С этими словами она бросила письмо Жана в камин, предала его всеистребляющему пламени.
Что касается второго эпизода, то я не уверен, можно ли сблизить его по времени с первым. Скорее всего, мне кажется, встреча с аббатом Калю произошла зимой следующего года. Однажды в четверг, когда я вышел из дому, кто-то окликнул меня. Я сразу узнал аббата Калю, хотя он сильно похудел. На костлявых плечах свободно болталась поношенная сутана. Очевидно, он поджидал меня. Так как я сообщил ему, что иду в книжную лавку Фере, он вызвался меня проводить.
— Вот-то Жан обрадуется, когда я вечером расскажу ему, что встретился с тобой!
— Ну, как он поживает, хорошо? — с равнодушным видом спросил я.
— Нет, — сказал аббат Калю, — нет, нехорошо ему, бедняге.
Кюре ждал моих вопросов, но зря ждал, так как я остановился у дверей магазина Фере и начал листать старые книги, выставленные прямо под открытым небом. Неужели же я был тогда до такой степени черствым? Не думаю, так как прекрасно заметил искаженное горем лицо склонившегося надо мной кюре, и еще до сих пор, после стольких лет, воспоминание об этих минутах больно мучает мою совесть.

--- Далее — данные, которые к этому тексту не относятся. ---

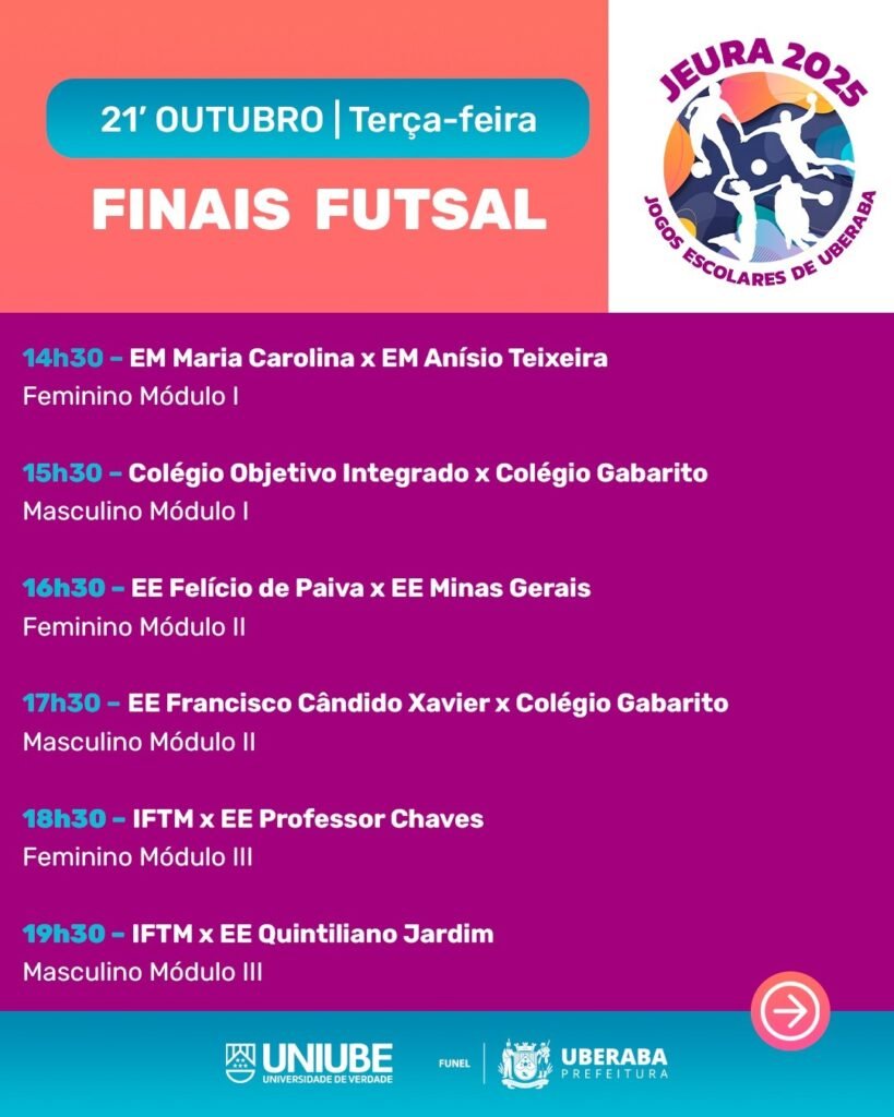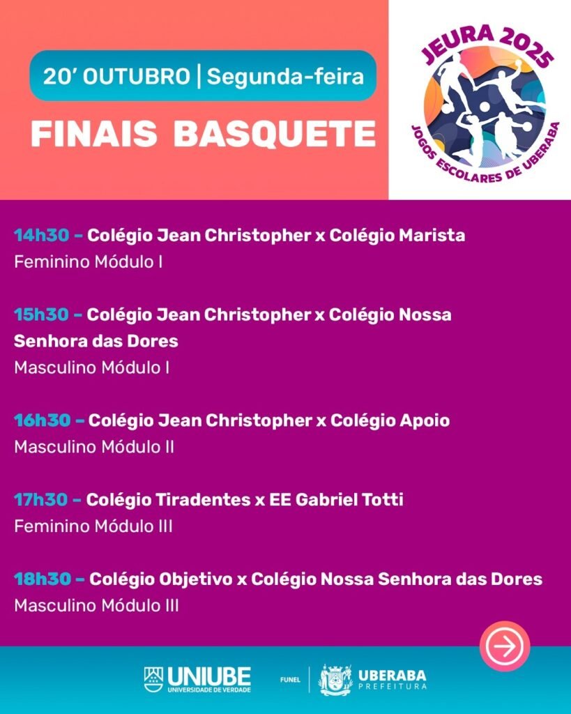 As emoções começam na segunda-feira (20) com as decisões do basquete. O Colégio Jean Christopher marca presença em três finais, enfrentando os colégios Marista, Nossa Senhora das Dores e Apoio. As demais partidas envolvem Tiradentes, Gabriel Totti, Objetivo e CNSD, encerrando o primeiro dia em ritmo de bola ao cesto. Na terça-feira (21), é a vez do futsal brilhar. As finais prometem duelos equilibrados, com escolas como E.M. Maria Carolina Mendes, Colégio Objetivo Integrado, E.E. Felício de Paiva, E.E. Minas Gerais, IFTM e E.E. Quintiliano Jardim disputando o topo em jogos que vão do Módulo I ao III.
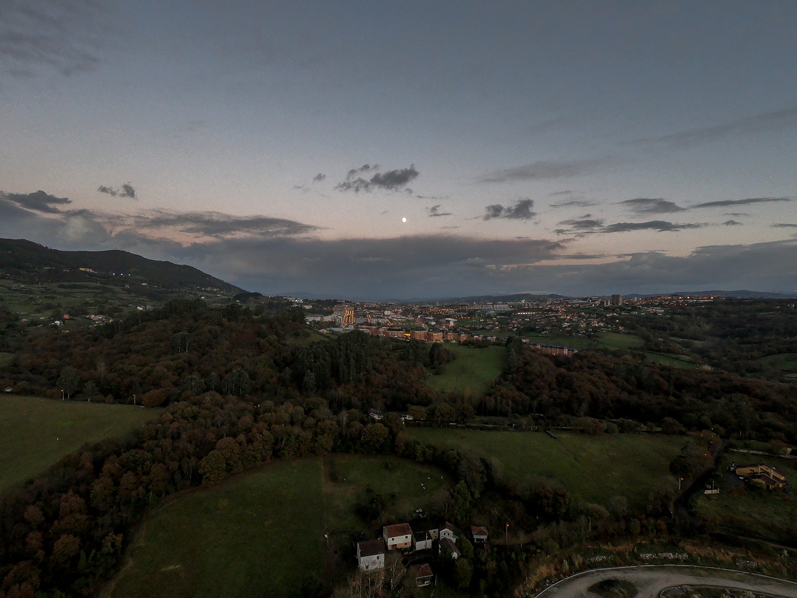 Atardecer de invierno sobre Oviedo, desde nuestro drone gopro karma a 120 metros de altura en Les Mazes.
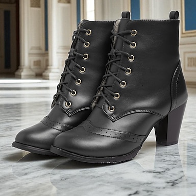 vintage viktorianska ankelstövlar med snörning för kvinnor – vita klackskor i retrostil för cosplay och speciella evenemang
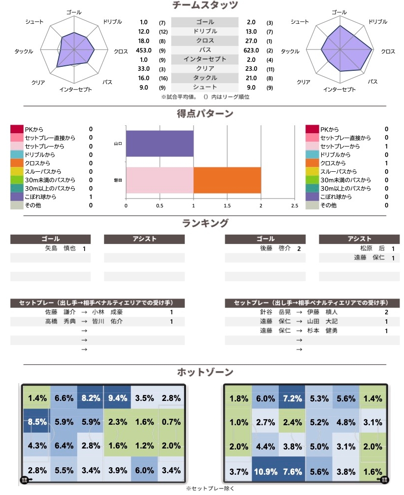 相手の磐田は開幕戦でファジアーノ岡山と対戦し、岡山攻撃陣にバイタルエリアで起点を作られる場面が見られた。岡山攻撃陣の動きが捕まえづらかったのも要因にあると思われるが、バイタルを隙と捉えれば、レノファ攻撃陣もこのエリアで積極的に勝負を仕掛けたい。

— Если уж говорить начистоту, он, наш Жан, меня сильно беспокоит. Нынешний год он даже в Ла-Девиз поехать не смог, его мать укатила на всю зиму в Египет. Конечно, работает он много, ну, охотится. В октябре я устроил для него охоту на вяхирей. И вообрази, он сбил сто сорок семь штук. Подыскал я ему даже лошадь, представь себе, на мельнице у Дюбюша, правда, кляча изрядная, но все-таки кататься верхом вполне можно. Знаешь, чего ему не хватает? Общества...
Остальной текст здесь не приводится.